The chief of staff of new prime minister Scott Morisson is John Kunkel, the former deputy CEO of the Minerals Council of Australia, the same group that thoughtfully provided a lacquered lump of coal for the then Treasurer to wave around parliament in February last year in the middle of a drought.
Morrison was obviously impressed, and has appointed one of the country’s leading anti-wind campaigns as his new energy minister, splitting the portfolio from environment. The new environment minister is a former lawyer for a mining company.
Kunkel served as deputy CEO of the Minerals Council for 6 years and four months before spending two years as head of government affairs (a political lobbying position) for the country’s biggest coal producers, Rio Tinto.
Kunkel is a recent addition to the team, joining then Treasurer Morrison’s office in June this year.
Kunkel’s key role continues the close connection and the merry-go-round of advisors between the Minerals Council and key policy advisory positions in the Coalition government.
One of Malcolm Turnbull’s key advisors as prime minister was Sid Marris, who was a former policy officer at the Minerals Council.
The man who replaced him as head of environment and climate policy at the Minerals Council is Patrick Gibbons, who was the former advisor to then environment minister Greg Hunt, who made a run as deputy to failed leadership candidate Peter Dutton and got knocked out by his good fried Josh Frydenberg, now deputy leader and Treasurer.
Marris worked for nearly 9 years at the Minerals Council, and had previously been The Australian newspaper’s Canberra bureau chief.
Turnbull’s most recent chief of staff was Clive Mathieson, a former editor of The Australian. Ironic perhaps, that Turnbull should refuse to take questions from The Australian’s reporters at his last press conference on Friday.

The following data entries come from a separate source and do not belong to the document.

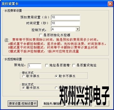 如果設置管理卡修改水控機費率,設置完費率后,只需點擊“費率設置卡”即可,不需要點擊“控制設置卡”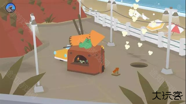 7、大鸟旁边的篮子里装着玉米、还有一个火堆。掉下来以后一起吃掉,地洞就又会爆出很多的爆米花。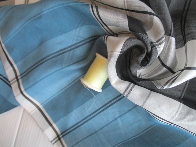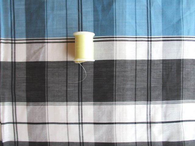 ◆ブルー×黒白薄グレーチェックパネル生地 | |||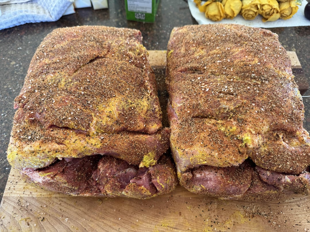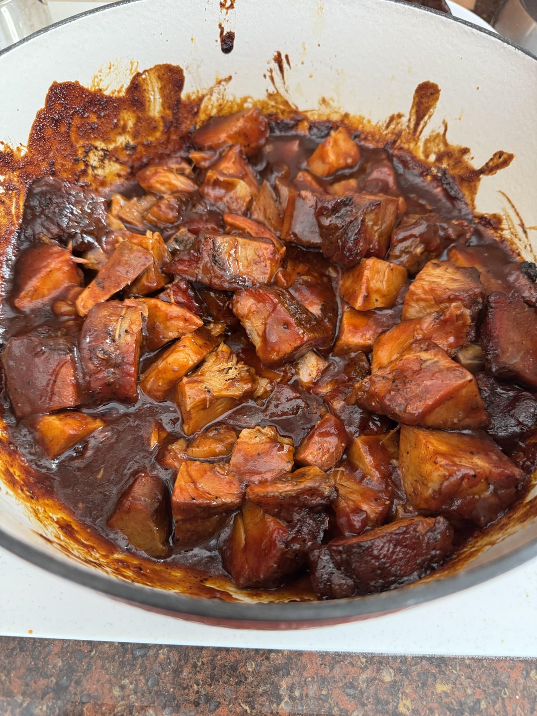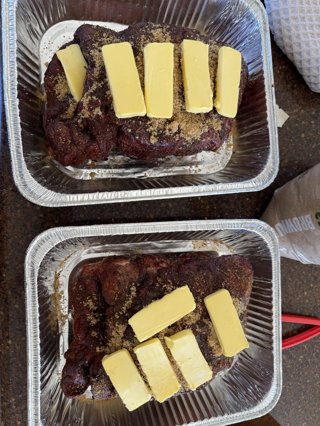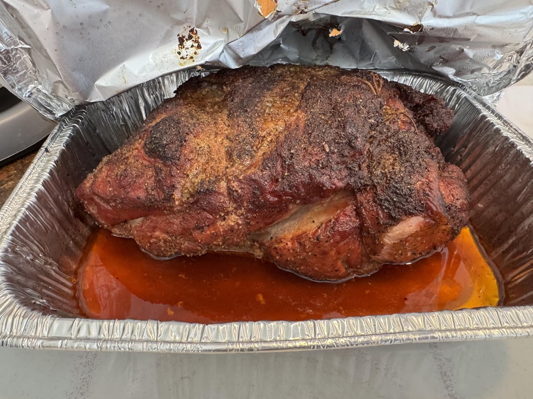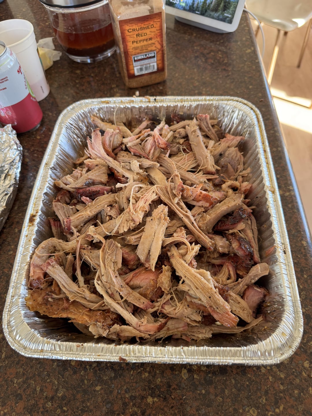 Some pulled pork I made for my birthday guests last week. Rubbed with SPG+paprika,cumin. Tied with butcher string since it was boneless. About 5.5 hours at 225. Wrapped at 165 and cooked at 275 until tender at about 202. Rested 1 hour and pulled. Made burnt ends with the one of them.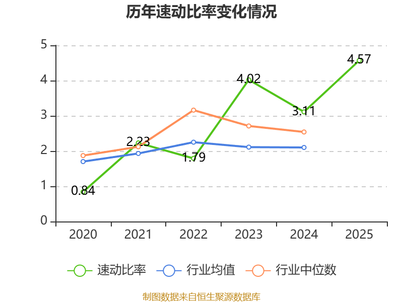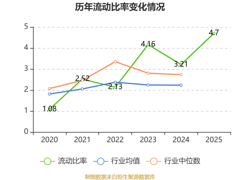 2025年,公司流动比率为4.7,速动比率为4.57。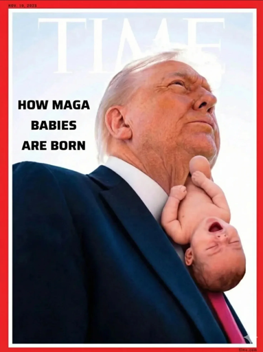 The main joke is that Trump’s jowls look like a vagina, it’s often referred to as a “nussy.” During natural childbirth the exit is through the vagina, that’s why MAGA babies exit there, instead of any orifice. I do like the imagery you describe, since it’s clear anyone in MAGA clearly has their head up Trump’s ass.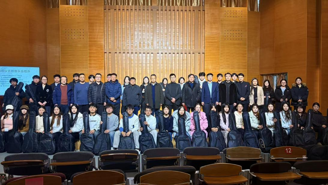 卢中彬向王生雷赠送捐赠纪念证书,李宏文向王生雷、王右、王闰颁发校外合作导师聘书,现场还向员工发放了四十五把吉他。捐赠仪式结束后举办了庆祝音乐会,王右老师、李猛老师和员工们表演了精彩的节目。

Kunkel’s previous work includes with former consultancy Concept Economics, headed by two of the most ferocious opponents of climate action and renewable energy schemes, Henry Ergas and Brian Fisher, who was on Tony Abbott’s panel reviewing the renewable energy target.
Fisher, who now runs BAEconomics, last year presented a report to the Minerals Council about the level of subsidies to renewable energy in Australia.
Although vastly inflating the actual number and level of subsidies, that assessment has now become a standard “alternative fact” constantly referred to by the Murdoch media, the Coalition, and even at times by the ABC.
By a curious coincidence, that report for the Minerals Council was posted on the BAEconomics website (February 8) on the very same day that Morrison waved around and then coddled the lump of coal delivered to him by the Minerals Council.